By Ed Mayo

Pilotlight Team

For the last five years, we have run an annual staff survey that is independently evaluated. We have shared the results with the staff and the trustees of Pilotlight and the survey has been invaluable in steering how we operate as a charity. 

Of course, an annual survey is not the only way in which our team have a voice. Over the pandemic, for example, we have been running fortnightly pulse surveys, a short check-in on how people are feeling, together with ideas on what could be improved. 

There is no off-the-peg template for charity staff surveys that is widely accepted. Sadly, there are only a few benchmarks specific to the sector that can be used for comparison of the results. You can always form your own data pools with others to compare – we have done so with others on a voluntary basis through the charity leadership network ACEVO, but it’s not straightforward. Hopefully, in an age of data, this is something that can improve in the years to come.

One reason perhaps is the cost to charities of using independent evaluation. It’s tempting to simply do this in-house. However, the evidence suggests that there is always a difference to the results, if you can’t offer an assurance to staff that what they say is anonymous and can be said without constraint or fear of consequences. 

Without easy benchmarks, the most useful comparison is data collected over time. The benefit of data from the last five years is that it has allowed us to map and track staff responses, so we can see how the period of change and growth has affected our team, including of course the great disruption of work over the pandemic.

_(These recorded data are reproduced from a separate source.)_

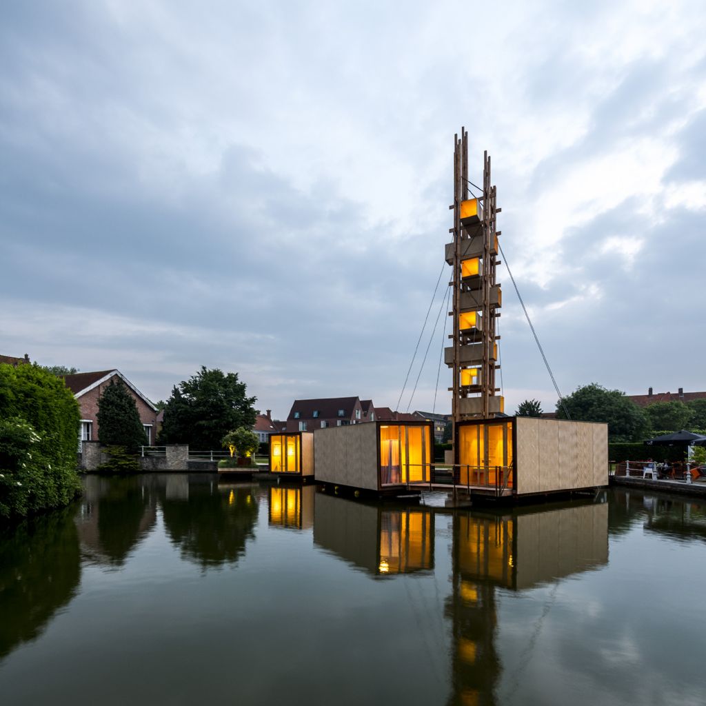 INFINITI²³ est l'un des projets phares de la Triennale de Bruges. L'élément le plus remarquable de cette œuvre d'art réside dans le fait que la tour, qui se compose de plusieurs capsules compactes, pourra être totalement adaptée aux besoins de demain. Lorsque le niveau de l'eau montera et atteindra le bloc suivant, ce dernier se détachera pour ensuite continuer à fonctionner de manière autonome sur l'eau.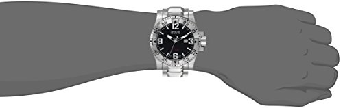Sleek. Versatile. Classic. These are just a few characteristics that make the Invicta Men's Reserve Collection Venom Diver Stainless Steel Watch #5672 a great timepiece for the man who wants substance with a huge helping of style. The silver-tone, tiered stainless steel band is complemented by a round, stainless steel bezel, which is etched with black numbers in five minute increments. The black dial features bold, luminous Arabic numbers at three, six, nine and 12 o'clock, and a calendar window at three o'clock. The dial also has luminous hands and a slender sweeping seconds hand. This watch is water resistant to 660 feet (200M).Reserve Collection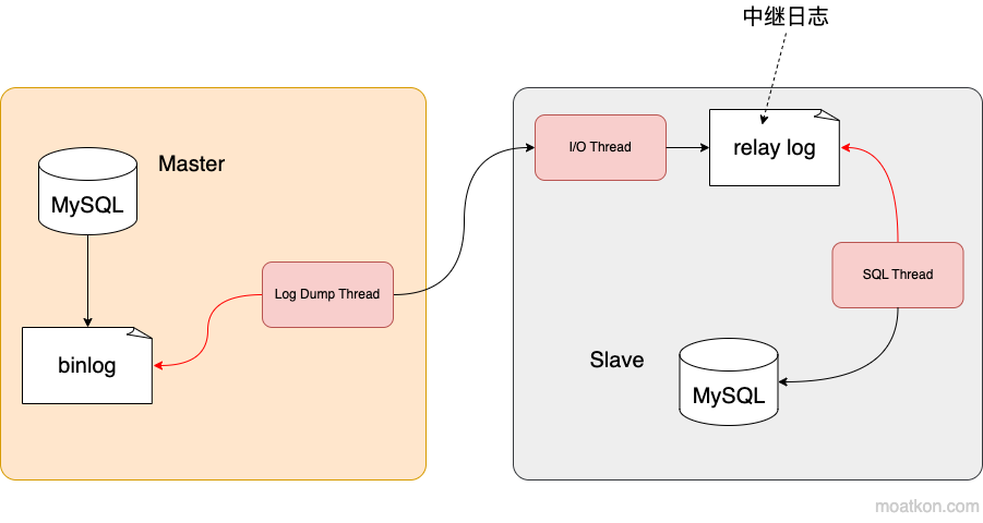 从节点 SQL 线程: SQL 线程负责读取 relay log 中的内容,解析成具体的操作并执行,最终保证主从数据的一致性。对于每一个主从连接,都需要这三个进程来完成。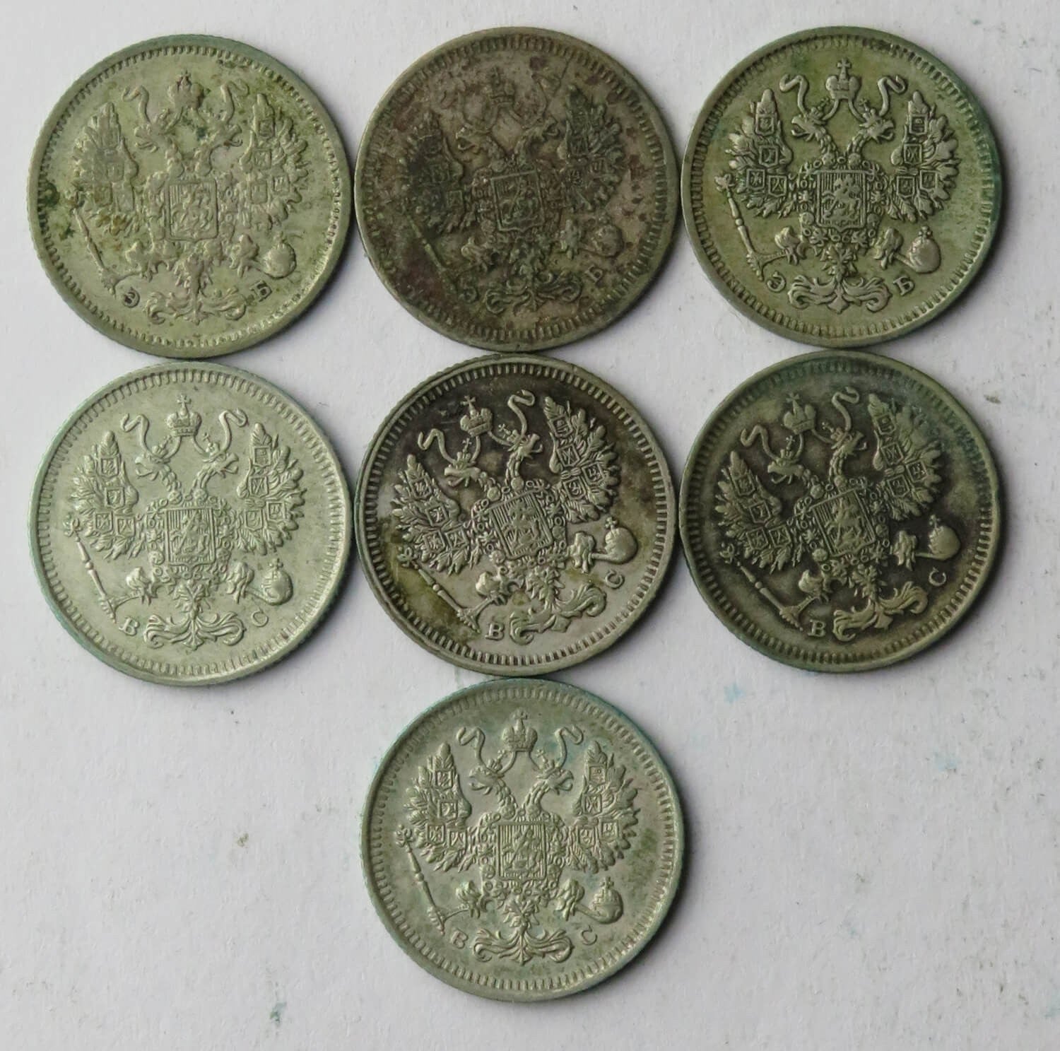 Lot, Rosja carska, zestaw 7 x 10 kopiejek, 1906-1915

How does it work at Pilotlight?

The evaluation is completed by Cornish + Grey, our evaluation partners, using a structured survey. The results are reported to the Board through its People and Culture Committee. The committee then considers results.

When the committee considered the 2022 results, a series of actions were identified, building on the positives and addressing areas of weakness. We have a lot to be happy about too. The Chair of the committee, a very experienced HR Director and Pilotlighter, commented that “I would die for this level of results in the companies that I work with.”

All 24 staff completed Pilotlight’s 2022 annual staff survey.  All 24 agreed that ‘I am proud to work for Pilotlight’.

Responses to the question: What would you say is Pilotlight’s biggest strength? focused on ‘its people’ and shared purpose.  Almost all staff agreed ‘The people I work with treat each other with fairness and respect’, ‘I understand what Pilotlight wants to achieve as an organisation’, ‘I have confidence in the leadership team’, ‘I feel appreciated’, and ‘I am treated with fairness and respect’.  

92% of staff (22 of 24) would recommend Pilotlight as an employer.

Average scores for the statements around organisation presented a varied picture.  While the statements ‘I understand what Pilotlight wants to achieve as an organisation’, ‘I have confidence in the leadership team’ and ‘The leadership team contributes to a positive work culture’ all had high average ratings (4.5 and above, out of 5), the average ratings for ‘Communication between different teams is effective’ and ‘Morale at Pilotlight is high’ had dropped to under 3.5.  The mixed ratings and the written comments suggested that the external context is significant here. 

“I think coming out of the pandemic and moving into hybrid working has created logistical issues, and actually made it harder for teams to communicate. In essence, another channel has been added that created more work and uncertainty.”

Responses to the health, wellbeing and diversity statements were good.  Almost all staff (23/24) agreed with ‘I am motivated by what Pilotlight wants to achieve as an organisation’, ‘I feel appreciated’ and ‘I am treated with fairness and respect’ – indeed, two thirds of staff (16/24) strongly agreed with the latter statement.  22 out of 24 staff agree that ‘Pilotlight values diversity’ and ‘Pilotlight is open to new ideas’. One person commented that “the positive work culture is something I value most about Pilotlight”.  

One of the most effective questions is around ‘what three words would you use to describe Pilotlight’, which generates a word cloud on our culture for each year.

In 2022, the top two words used to describe the culture at Pilotlight were ambitious and supportive.   Other common words were friendly, inclusive, welcoming and hard working. It is good to see kindness too make an appearance.

Vaules

To make more of the results, we have been able to develop an interpretive framework which links the survey to our organisational values and culture. Pilotlight has three values – we bring people together, we believe in potential, and we expect the best – and through these we work with six linked behaviours. By designing and clustering questions around these behaviours, we are able to generate a unique dashboard on our organisational culture.

Six behaviours

Pilotlight has a special culture. Of all the places I have worked, this is the most impressive level of sheer positivity and generosity towards colleagues, with the motivation to make a difference for the charities and people we work with.

So often, organisations make claims for their culture, or make assumptions for their culture, but in truth they are flying blind. With charities, organisational values and workplace culture is an essential ingredient for success, so data such as through a rigorous staff survey can be a very practical help.

This way of leading a staff survey may not work for every organisation and questions of interest will also vary, but if more and more charities strive to put in place some measurements, in a few years’ time we can hope for a sector-wide framework.